New Revised Standard Version
24 But on the first day of the week, at early dawn, they came to the tomb,
taking the spices that they had prepared.
2 They found the stone rolled away from the tomb,
3 but when they went in, they did not find the body.
4 While they were perplexed about this,
suddenly two men in dazzling clothes stood beside them.
5 The women were terrified and bowed their faces to the ground, but the men said to them, “Why do you look for the living among the dead? He is not here, but has risen.
6 Remember how he told you, while he was still in Galilee,
7 that the Son of Man must be handed over to sinners, and be crucified,
and on the third day rise again.”
8 Then they remembered his words,
9 and returning from the tomb, they told all this to the eleven and to all the rest.
10 Now it was Mary Magdalene, Joanna, Mary the mother of James,
and the other women with them who told this to the apostles.

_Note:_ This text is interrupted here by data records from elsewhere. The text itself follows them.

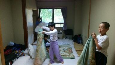 健康観察をして素早く布団の片付けに入っています!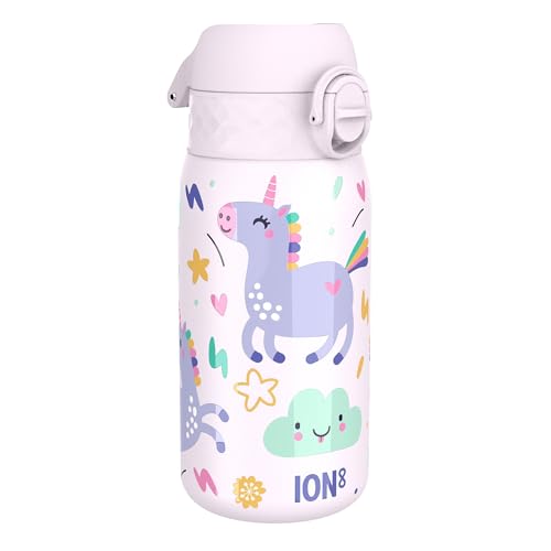 Ion8 Gourde Isotherme Enfant, Inox, 320ml, Anti-Fuite, Facile à Ouvrir, Verrouillage Sécurisé, Lavable au Lave-Vaisselle, Poignée de Transport, Durable, Acier Inoxydable, Licornes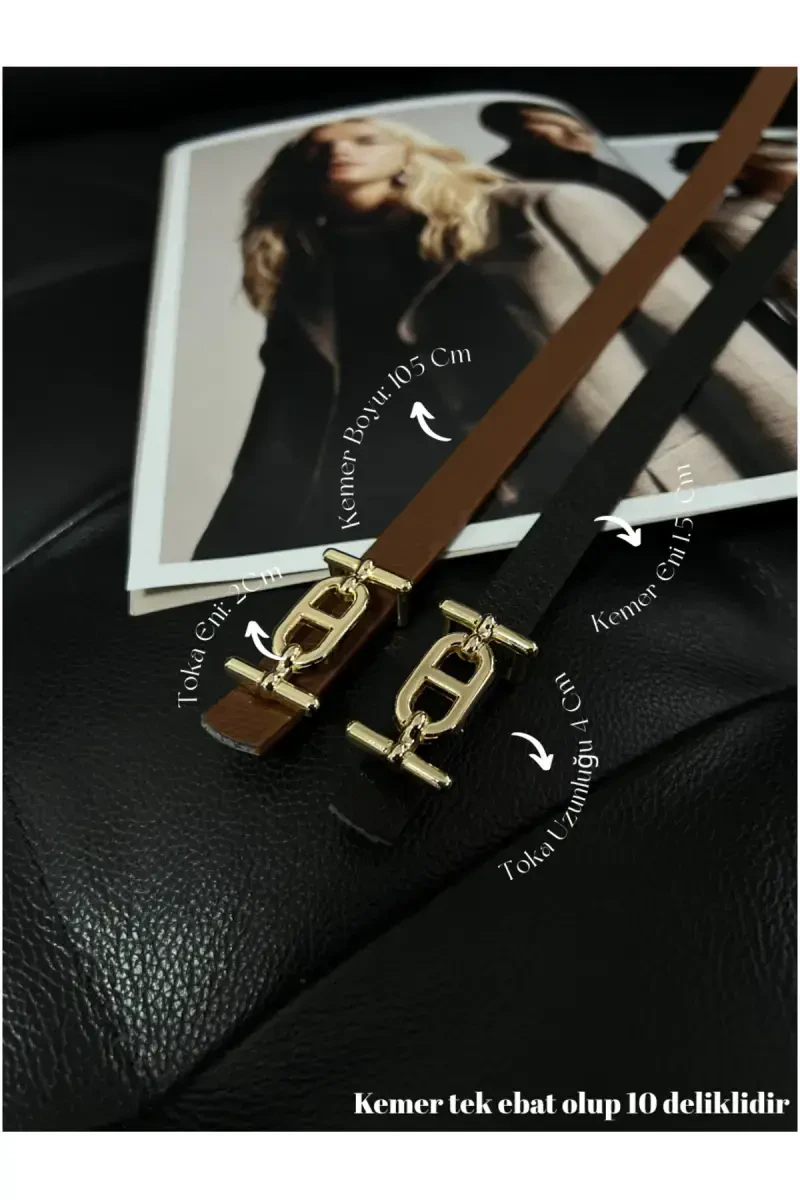 Suni Deri; Gold Tokalı; İnce Kemer; Pantolon, Gömlek, Ceket vb. kombinlerinize uygundur; Uzunluk: 105 cm; Genişlik: 1.3 cm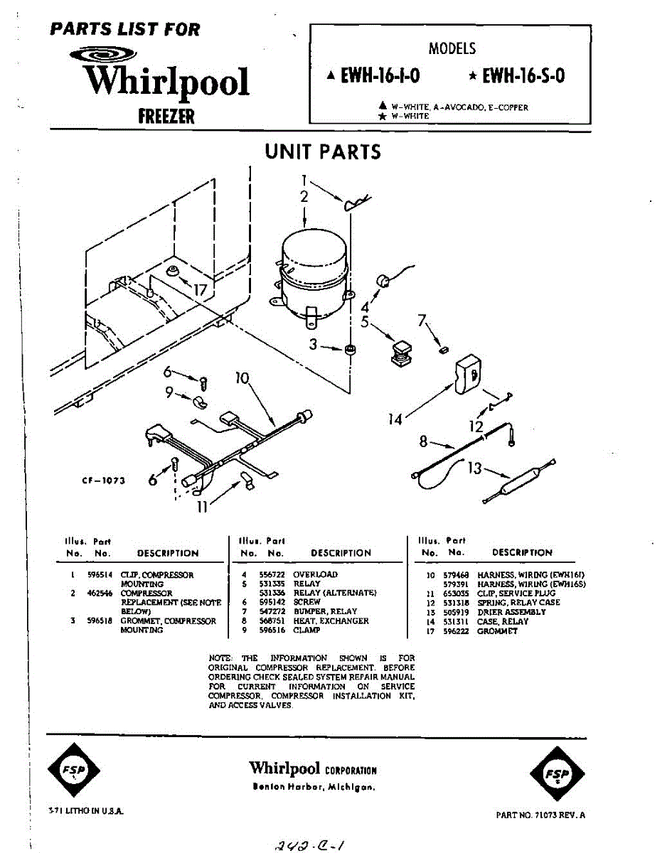 Parts for Whirlpool EWH16I0: 01 - Section Parts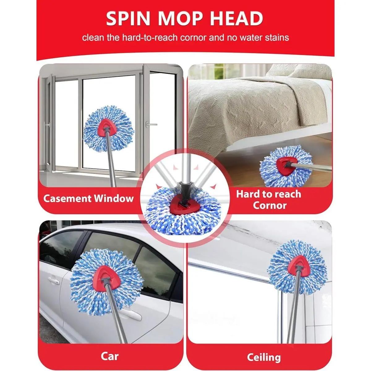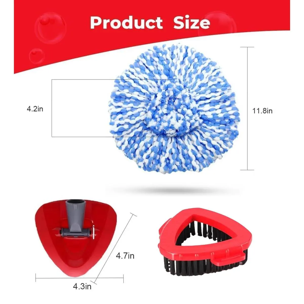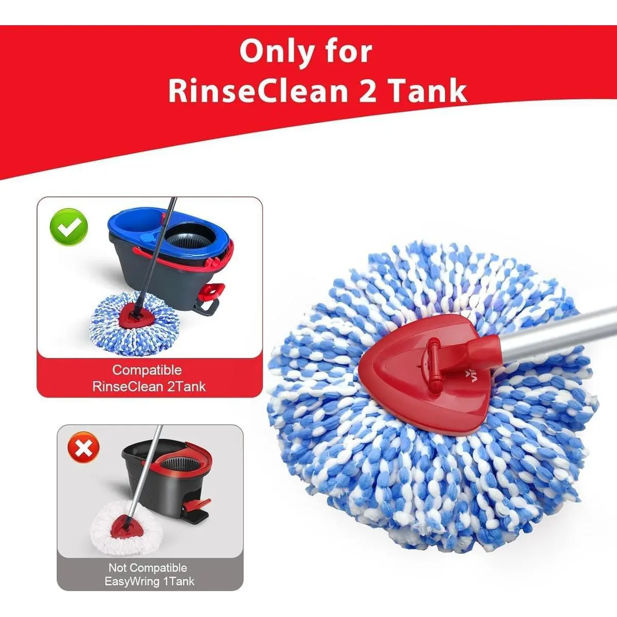 ONLY for 2-TANK SYSTEM) Spin Mop Replace Head Compatible with O-Cedar RinseClean 2 Tank, Mop Replacement Head Base, 3 Microfiber Head Refills+1 Brush(Hide inside)+1 Base Combo Set (Blue)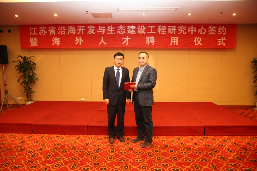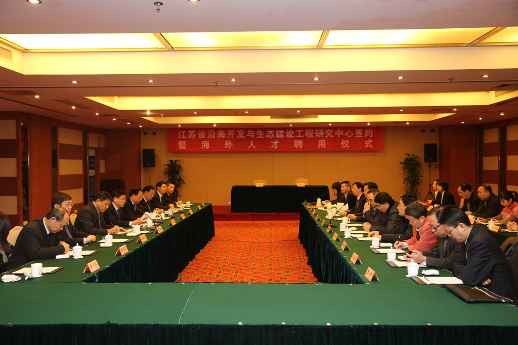 12月17日上午,集團公司與河海大學聯合舉行了江蘇省沿海開發與生態建設工程研究中心簽約暨海外人才聘用儀式。省委組織部干部四處處長董德,河海大學校長徐輝、副校長唐洪武、海外專家代表李凌,集團董事長鄧東升、總經理丁建奇、副總經理唐正東,黨委委員、東臺公司總經理周金陽以及省國資委監事席寧等出席儀式。儀式由丁建奇總經理主持。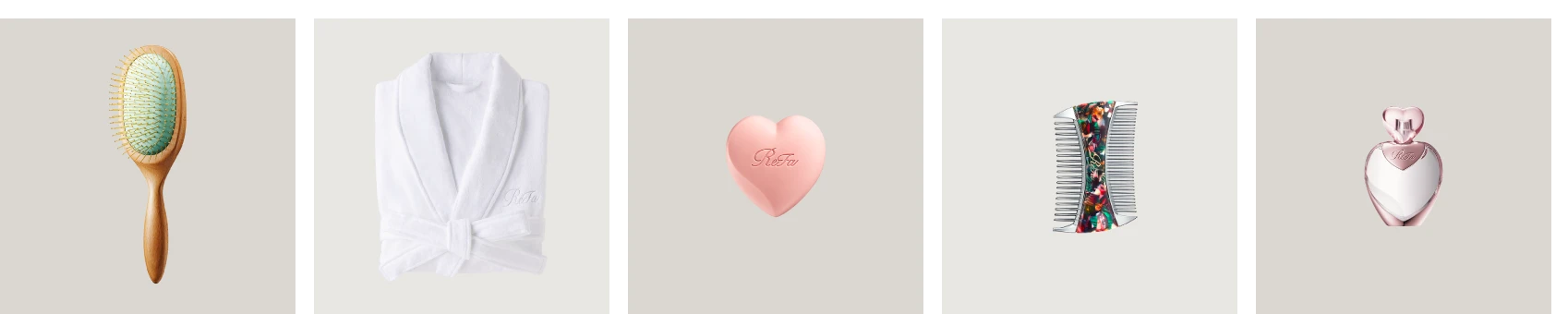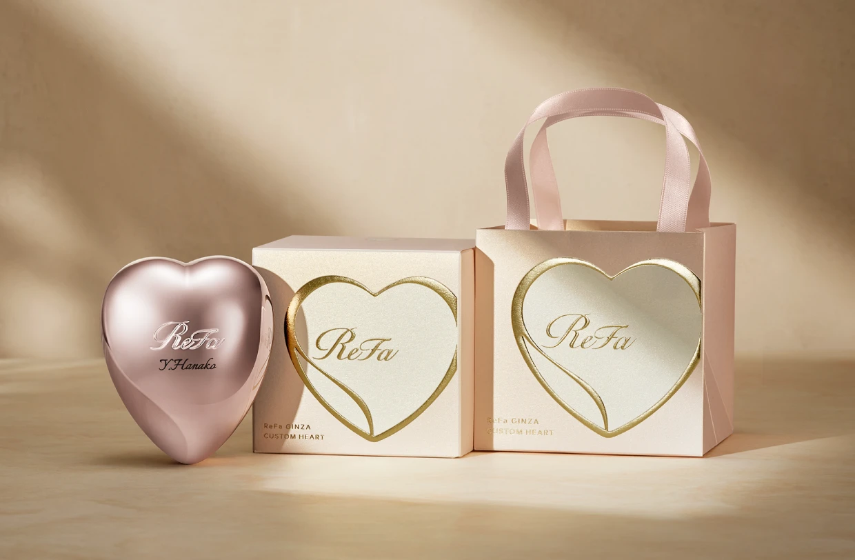 ReFa HEART BRUSHや新カテゴリのReFa LINEN、ReFa VITALWEARのスリープウェアの一部アイテムに対して、刺繍やレーザー加工による名入れをし、世界でただひとつの特別なギフトをおつくりします。また、ReFa HEART BRUSHに名入れされたお客様には、専用のオリジナルショッパーとギフトボックスで美しくお包みし、大切な方やご自身への特別なギフトとしてお贈りいたします。

11 But these words seemed to them an idle tale, and they did not believe them.
12 But Peter got up and ran to the tomb; stooping and looking in, he saw the linen cloths by themselves; then he went home, amazed at what had happened.
Luke tells us it was early dawn when the women arrived at the tomb. A time of day associated with mystery. The light is dim, it is difficult to see; our eyes can play tricks on us. Was Jesus’ body really gone? Or was it simply too dark to see? The preceding days had been exceedingly difficult and we can expect that the apostles, the men and the women, were exhausted both physically and emotionally. Perhaps the angelic messengers were simply the product of grief having its way with their overtaxed emotions.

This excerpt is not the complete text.